* TRY IT
Below is a listing to transcribe in full and exactly; keep the pictures out.

* DATASET CONTENT
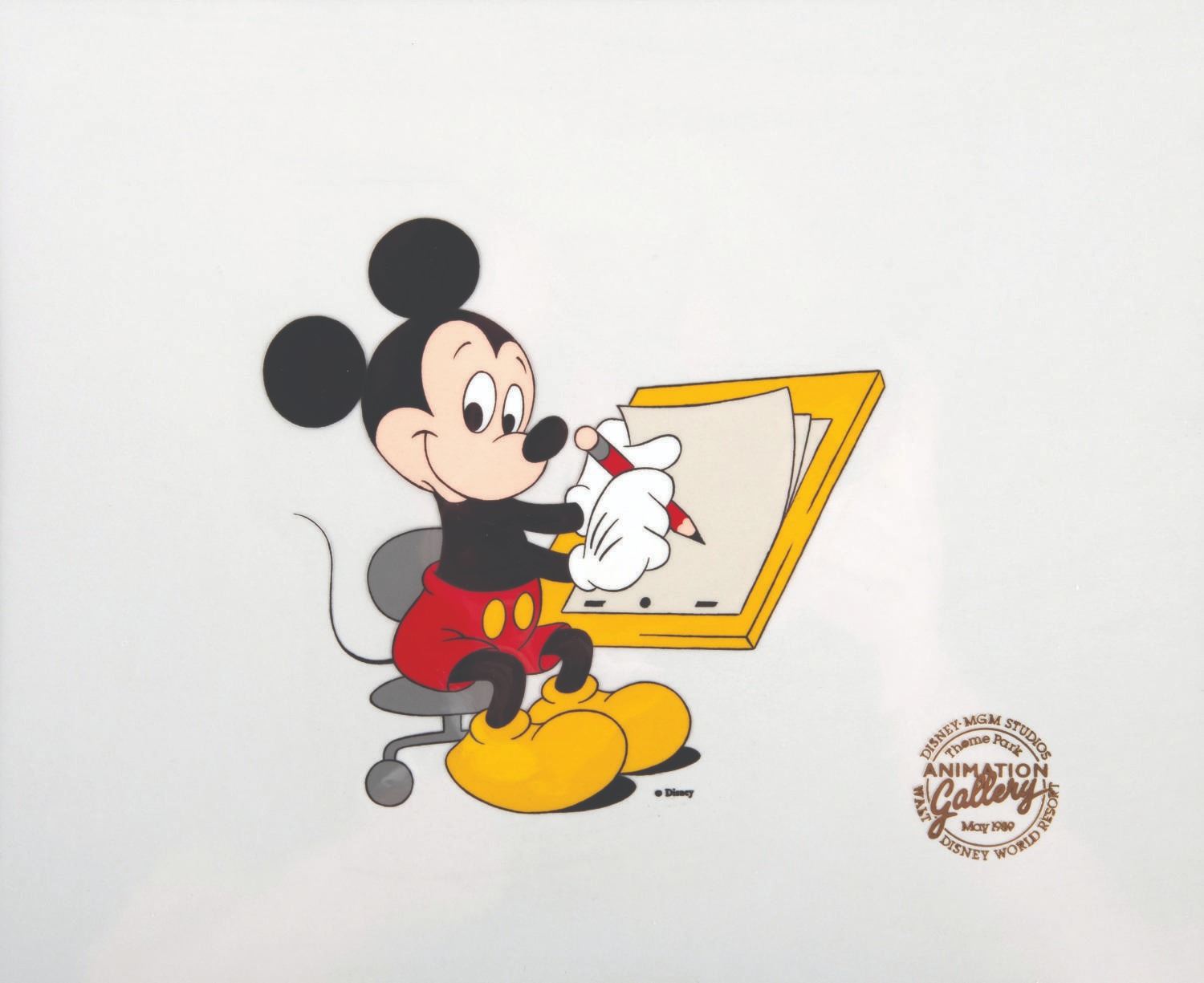 (Disney-MGM Studios, 1989) A souvenir Mickey Mouse serigraph cel from the Theme Park Animation Gallery at Disney-MGM Studios. The piece has a character image size of 5.5" x 5.5" on its 13.5" x 11" cel sheet and is in fine as-new condition.
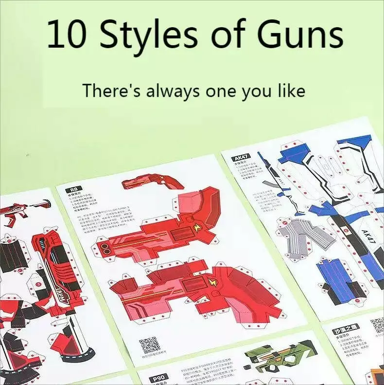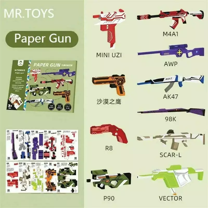 містить 36 аркушів для складання різних моделей паперової зброї. У
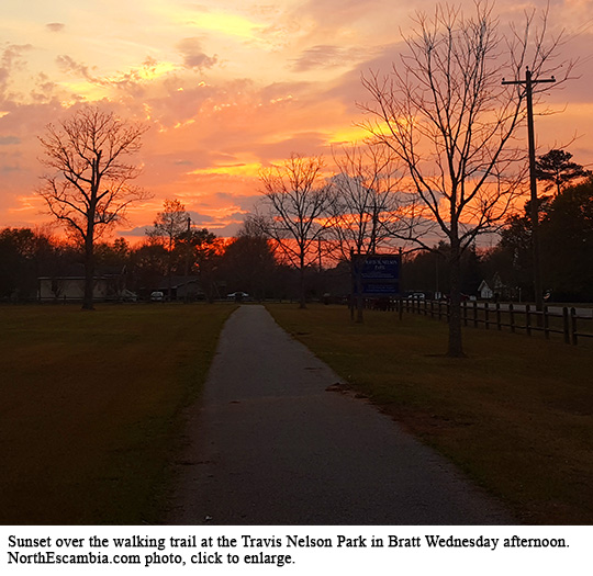 Escambia County District 5 Commissioner Steven Barry and Public Works Director Wes Moreno toured several North Escambia locations Wednesday afternoon. They checked on the progress of paving several dirt roads and the progress of other current and potential future infrastructure projects. Pictured above: Barry (right) and Moreno discuss the upcoming paving of Bradberry Road off North Highway 99 near the Alabama state line. NorthEscambia.com photo, click to enlarge.

* RESPONSE BOX
 (Disney-MGM Studios, 1989) A souvenir Mickey Mouse serigraph cel from the Theme Park Animation Gallery at Disney-MGM Studios. The piece has a character image size of 5.5" x 5.5" on its 13.5" x 11" cel sheet and is in fine as-new condition.
 містить 36 аркушів для складання різних моделей паперової зброї. У
 Escambia County District 5 Commissioner Steven Barry and Public Works Director Wes Moreno toured several North Escambia locations Wednesday afternoon. They checked on the progress of paving several dirt roads and the progress of other current and potential future infrastructure projects. Pictured above: Barry (right) and Moreno discuss the upcoming paving of Bradberry Road off North Highway 99 near the Alabama state line. NorthEscambia.com photo, click to enlarge.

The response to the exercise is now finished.